By a small variation of that argument, any (invariant) subspace $W$ such that $T(W)=W$ must be contained in $\ker(T^4-\I)$, namely $\{0\}=(T^4-\I)\circ(T^3(W))=(T^4-\mathbf I)(W)$. But the subspace $W_0=\ker(T^4-\I)$ itself is $T$-stable, and $T|_{W_0}$ is invertible since its $4$-th power is the identity of $W_0$, so $W_0=\ker(T^4-\I)$ must be the answer to the first question.
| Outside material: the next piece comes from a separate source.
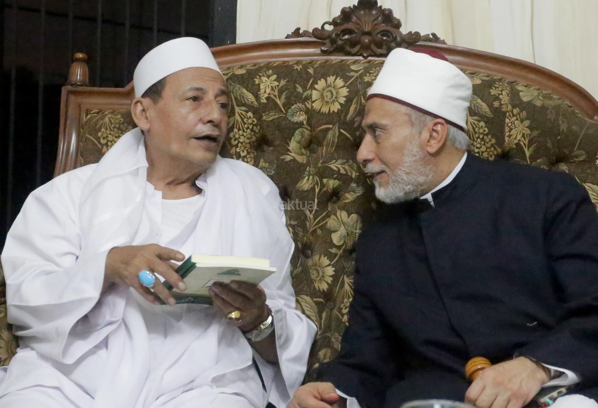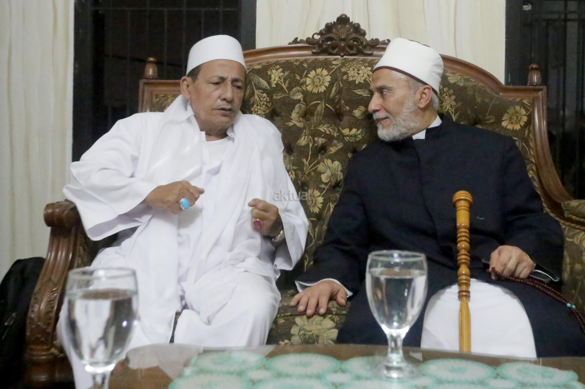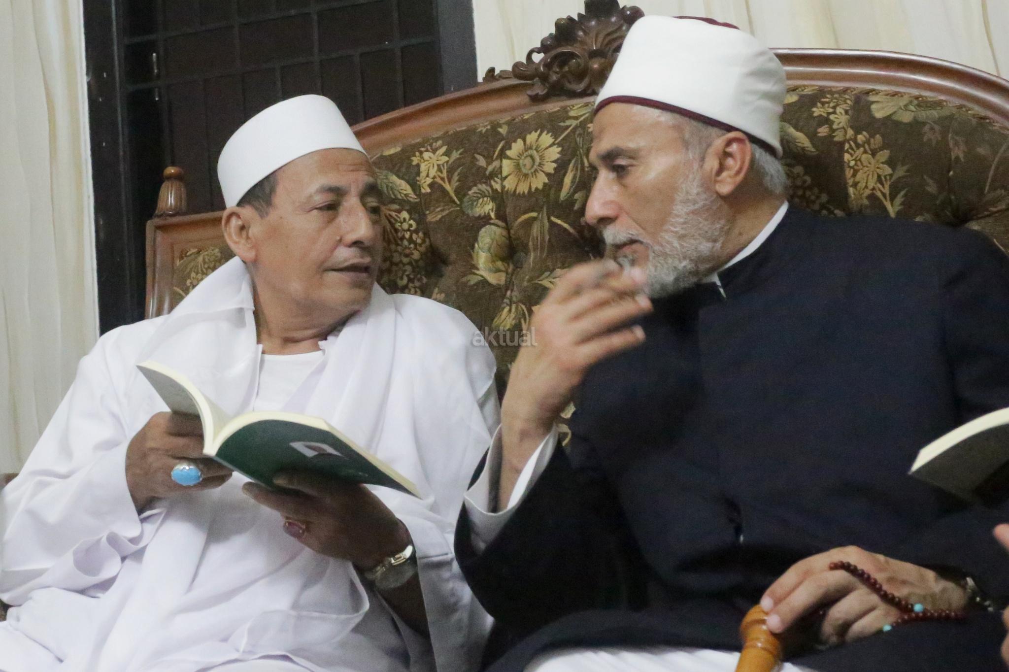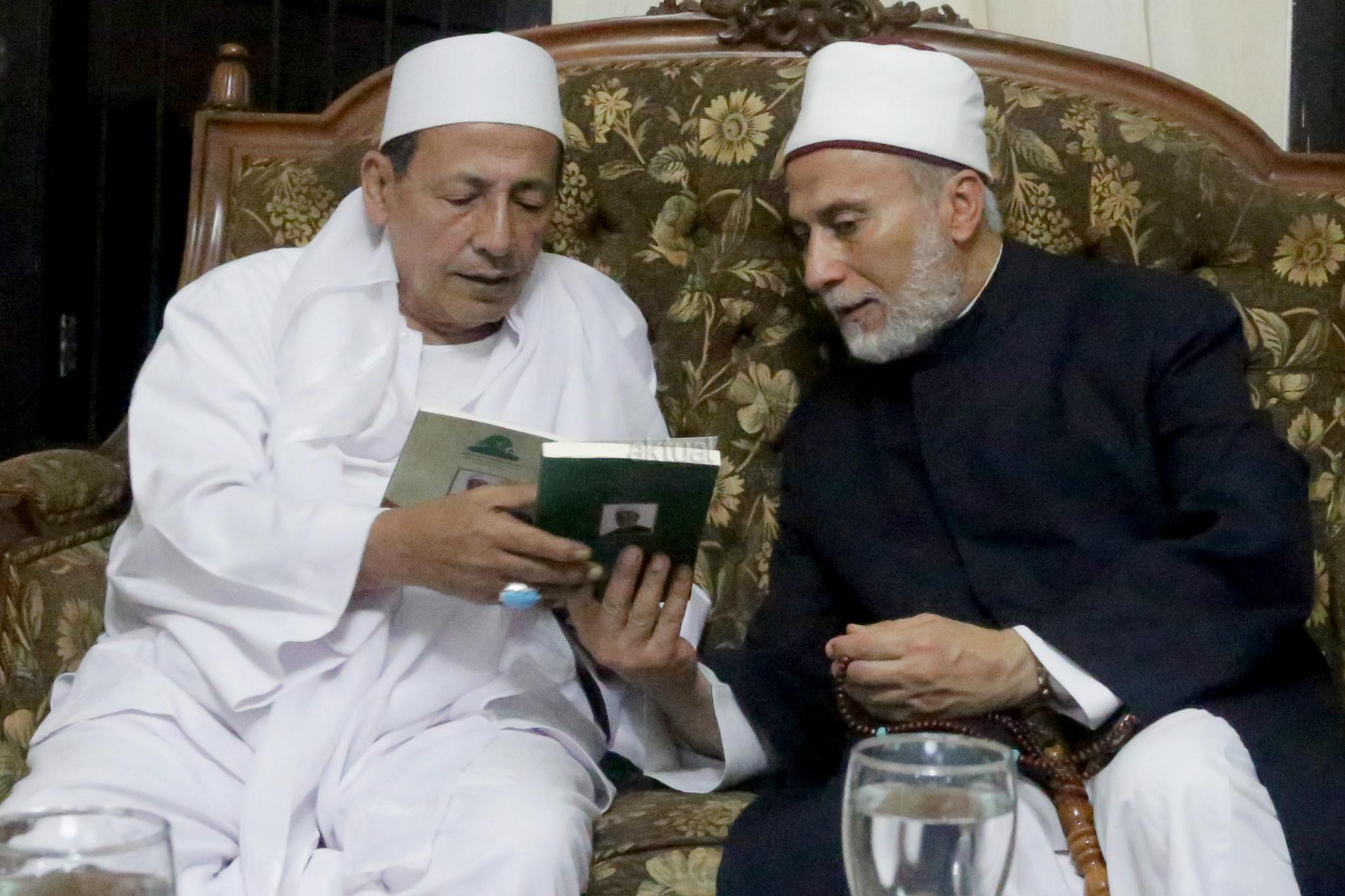 Maulana Syekh Dr. Yusri Rusydi Sayyid Jabr al-Hasani berbincang dengan Putra Ketua Jam’iyyah Ahlith Thariqah Al-Mu’ tabarah An-Nahdliyyah (JATMAN) Maulana Al-Habib Muhammad Luthfi bin Ali bin Yahya saat bertemu sebelum Muktamar JATMAN XII di Pekalongan, Jawa Tengah, Minggu (14/1/2018) malam. Muktamar JATMAN ke XII di Pekalongan akan kedatangan puluhan ribu ulama dari nusantara dan dunia, juga akan kehadiran Presiden RI dan sejumlah Menteri kabinet kerja. Kabar kepastian hadirnya orang nomor satu di Republik Indonesia untuk membuka acara muktamar. AKTUAL/Tino Oktaviano

The second question is quite independent. Your answer $X-1$ is wrong, since if it acted like $\I$, that is if one had $T-\I=\I$, this would mean $T=2\I$ which is incompatible with the given minimal polynomial. Of course the polynomial $1$ does act as $\I$, but a non constant polynomial is asked for. We must add to $1$ some nonzero polynomial that evaluated in $T$ does act as zero. Clearly the given minimal polynomial is such a polynomial; therefore $X^7-X^3+1$ answers the second question (or you could add any nonzero multiple of the minimal polynomial to $1$ for alternative answers).